**Provided data:**
-----

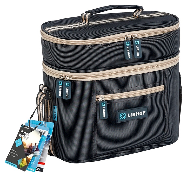 Термосумка Libhof Voyage WPB-07 предназначена для хранения и транспортировки пищевых продуктов и напитков в автономных изотермических условиях во время прогулок, пикника, поездок и путешествий. Модель оснащена 2 вместительными секциями на молниях с плотной перегородкой и фронтальным наружным карманом на молнии. Внешний слой выполнен из высококачественной синтетической ткани в серых тонах с молниями бежевого оттенка, теплоизоляционный слой – из полиэтиленвинилацетата (PEVA). Особенности:
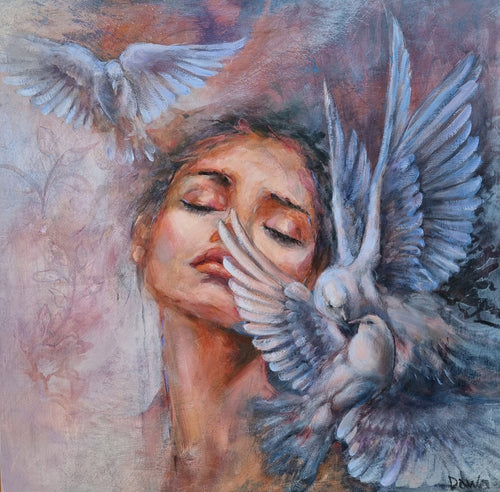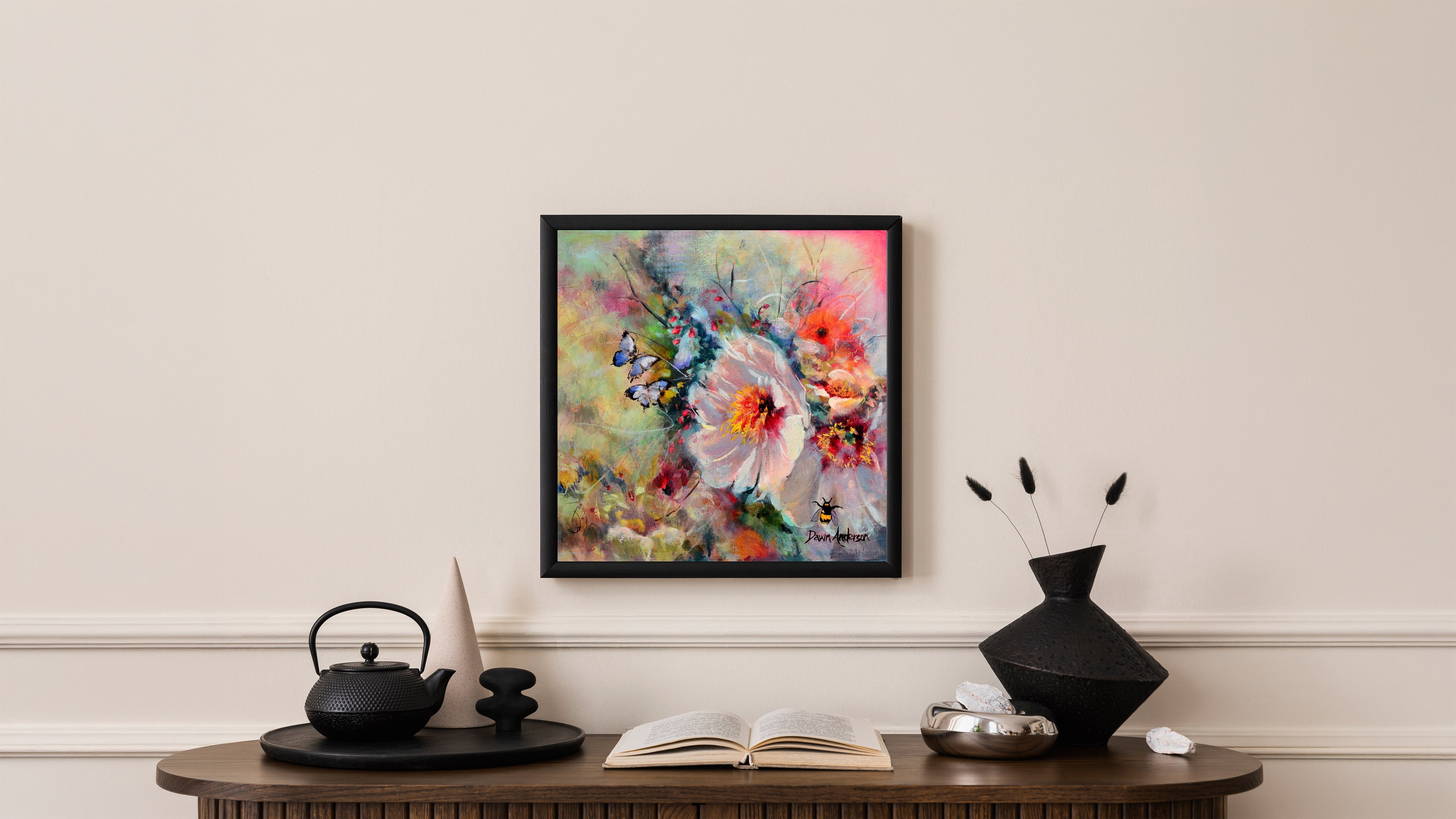 Each piece begins with a spark. Sometimes it is a fleeting colour combination, sometimes a texture, sometimes a quiet moment waiting to be translated into something bold and alive. Dawn’s work balances playfulness with intention, inviting you to pause, look closer, and discover something new each time.
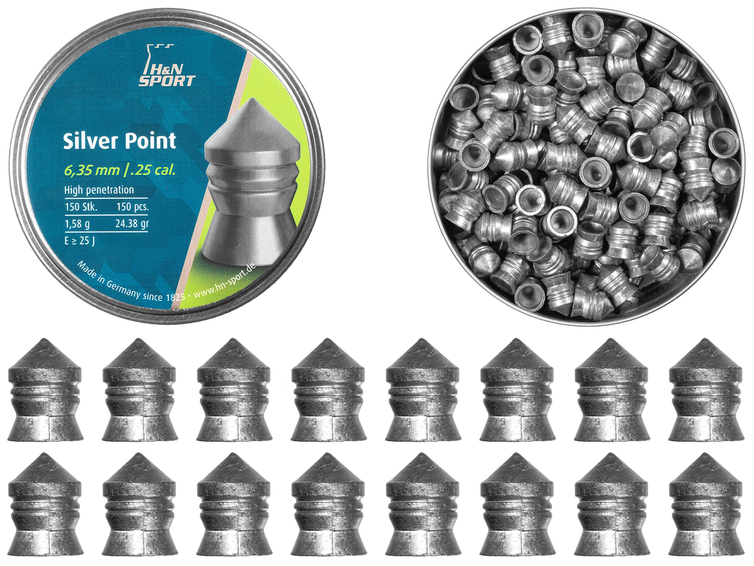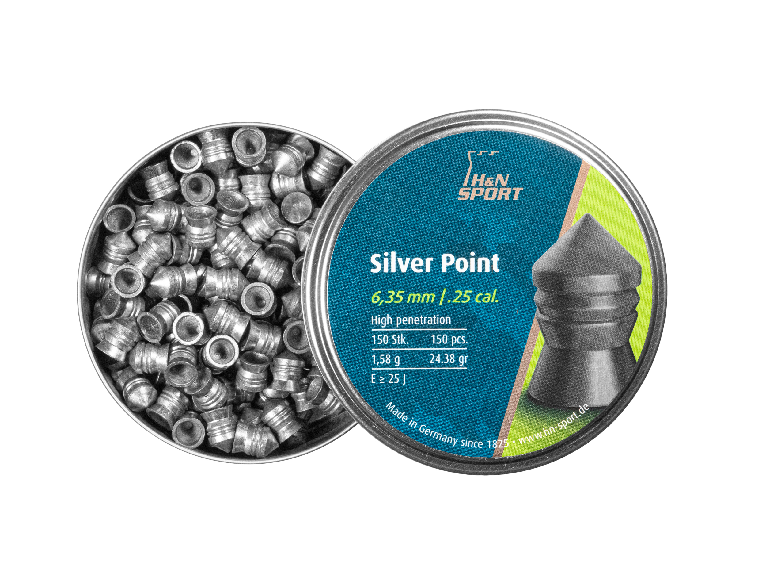 Śrut diabolo H&N Silver Point 6,35 mm 150 szt. to najcięższy model w swojej klasie, dedykowany strzelcom korzystającym z wiatrówek o wyjątkowo dużej prędkości początkowej. Wyprodukowany przez renomowaną niemiecką firmę H&N Sport, charakteryzuje się masą 1,58 g (24,23 gr), co gwarantuje wysoką energię kinetyczną, imponującą siłę przebicia oraz stabilny tor lotu na dłuższych dystansach.
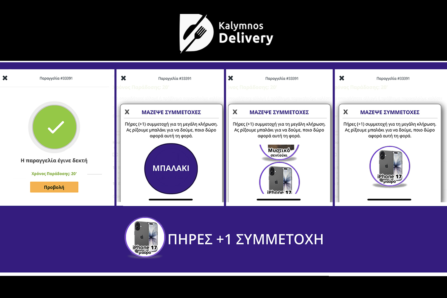 Με κάθε παραγγελία μέσω Kalymnos Delivery, κερδίζεις +1 συμμετοχή. Μετά από κάθε ολοκλήρωση παραγγελίας, το σύστημα θα σε βάλει να παίξεις το γνωστό Καλύμνικο παιχνίδι «μπαλάκι», το οποίο και θα καθορίσει σε ποια κλήρωση πήρες +1 συμμετοχή.
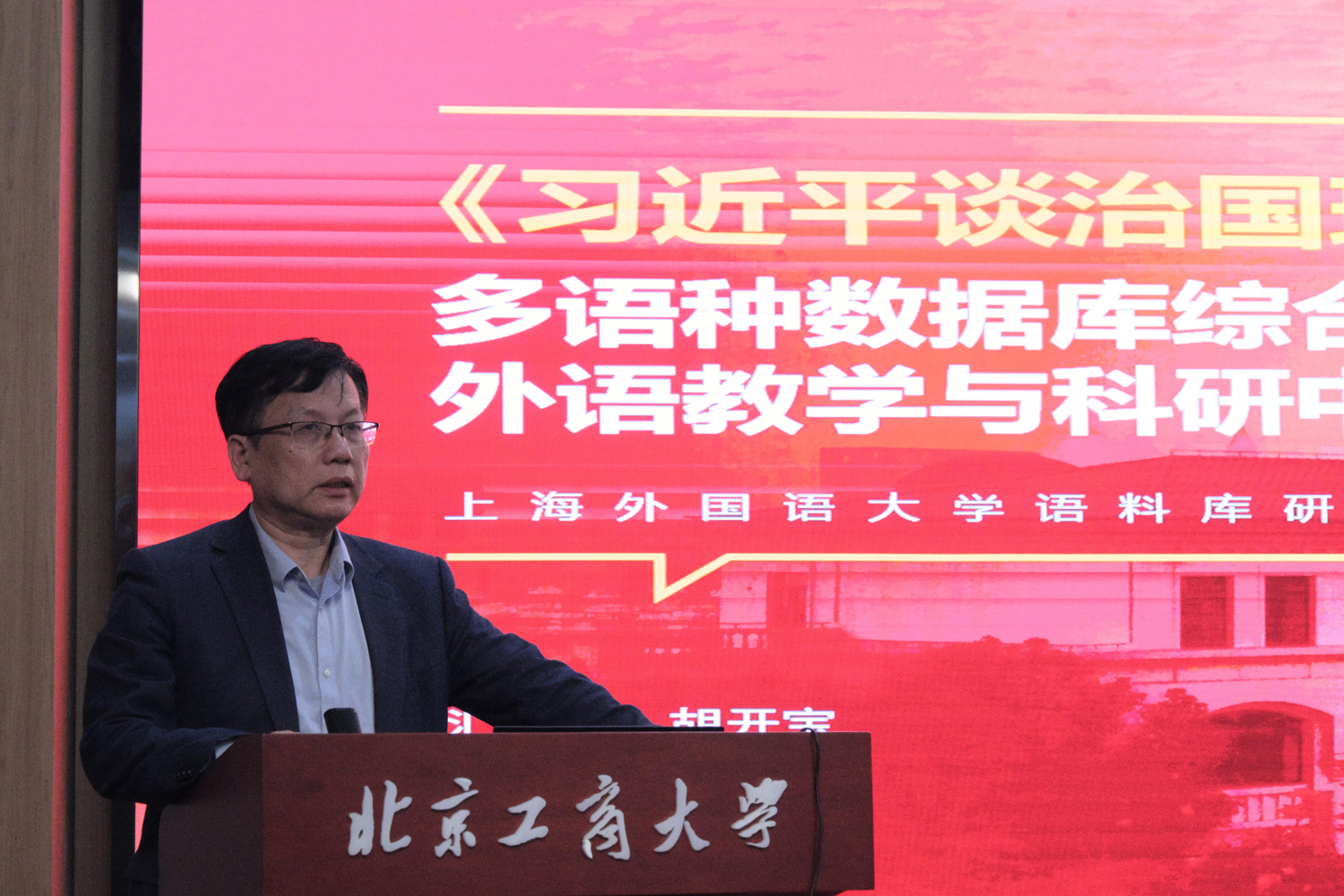 研討會分為開幕式、專家報告和主旨發言三個環節。開幕式由語言與傳播學院院長王擎教授主持。學校黨委副書記宋曉欣、上海外語教育出版社北京文化發展中心主任楊屹立致辭。專家報告和主旨發言由語言與傳播學院副院長史巖林主持。上海外國語大學語料庫研究院院長、教育部國家重大人才計劃特聘教授,國家社科基金重大項目首席專家胡開寶教授、上海外國語大學語料庫助理研究員李曉倩博士作專家報告。語言與傳播學院關濤、吳濛、劉思含、苗天順作主旨發言。語言與傳播學院黨委書記劉影作總結發言。
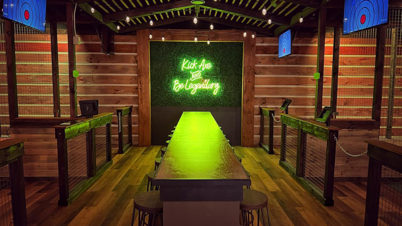 Enjoy a lumberjack-themed outing filled with food, drinks, and axe throwing! Play mini games and tournaments with your friends while throwing axes, or lie back and relax in our lounge while enjoying specialty cocktails, beer, and small bites. The Legendary Axe is the newest way to host a party, corporate event or just spend a night out with friends. Axe throwing is bowling on crack!

-----

**Aim of the task:**
Would you print all the entries again exactly, minus any pictures?

**Completed task:**
 Термосумка Libhof Voyage WPB-07 предназначена для хранения и транспортировки пищевых продуктов и напитков в автономных изотермических условиях во время прогулок, пикника, поездок и путешествий. Модель оснащена 2 вместительными секциями на молниях с плотной перегородкой и фронтальным наружным карманом на молнии. Внешний слой выполнен из высококачественной синтетической ткани в серых тонах с молниями бежевого оттенка, теплоизоляционный слой – из полиэтиленвинилацетата (PEVA). Особенности:
 Each piece begins with a spark. Sometimes it is a fleeting colour combination, sometimes a texture, sometimes a quiet moment waiting to be translated into something bold and alive. Dawn’s work balances playfulness with intention, inviting you to pause, look closer, and discover something new each time.
 Śrut diabolo H&N Silver Point 6,35 mm 150 szt. to najcięższy model w swojej klasie, dedykowany strzelcom korzystającym z wiatrówek o wyjątkowo dużej prędkości początkowej. Wyprodukowany przez renomowaną niemiecką firmę H&N Sport, charakteryzuje się masą 1,58 g (24,23 gr), co gwarantuje wysoką energię kinetyczną, imponującą siłę przebicia oraz stabilny tor lotu na dłuższych dystansach.
 Με κάθε παραγγελία μέσω Kalymnos Delivery, κερδίζεις +1 συμμετοχή. Μετά από κάθε ολοκλήρωση παραγγελίας, το σύστημα θα σε βάλει να παίξεις το γνωστό Καλύμνικο παιχνίδι «μπαλάκι», το οποίο και θα καθορίσει σε ποια κλήρωση πήρες +1 συμμετοχή.
 研討會分為開幕式、專家報告和主旨發言三個環節。開幕式由語言與傳播學院院長王擎教授主持。學校黨委副書記宋曉欣、上海外語教育出版社北京文化發展中心主任楊屹立致辭。專家報告和主旨發言由語言與傳播學院副院長史巖林主持。上海外國語大學語料庫研究院院長、教育部國家重大人才計劃特聘教授,國家社科基金重大項目首席專家胡開寶教授、上海外國語大學語料庫助理研究員李曉倩博士作專家報告。語言與傳播學院關濤、吳濛、劉思含、苗天順作主旨發言。語言與傳播學院黨委書記劉影作總結發言。
 Enjoy a lumberjack-themed outing filled with food, drinks, and axe throwing! Play mini games and tournaments with your friends while throwing axes, or lie back and relax in our lounge while enjoying specialty cocktails, beer, and small bites. The Legendary Axe is the newest way to host a party, corporate event or just spend a night out with friends. Axe throwing is bowling on crack!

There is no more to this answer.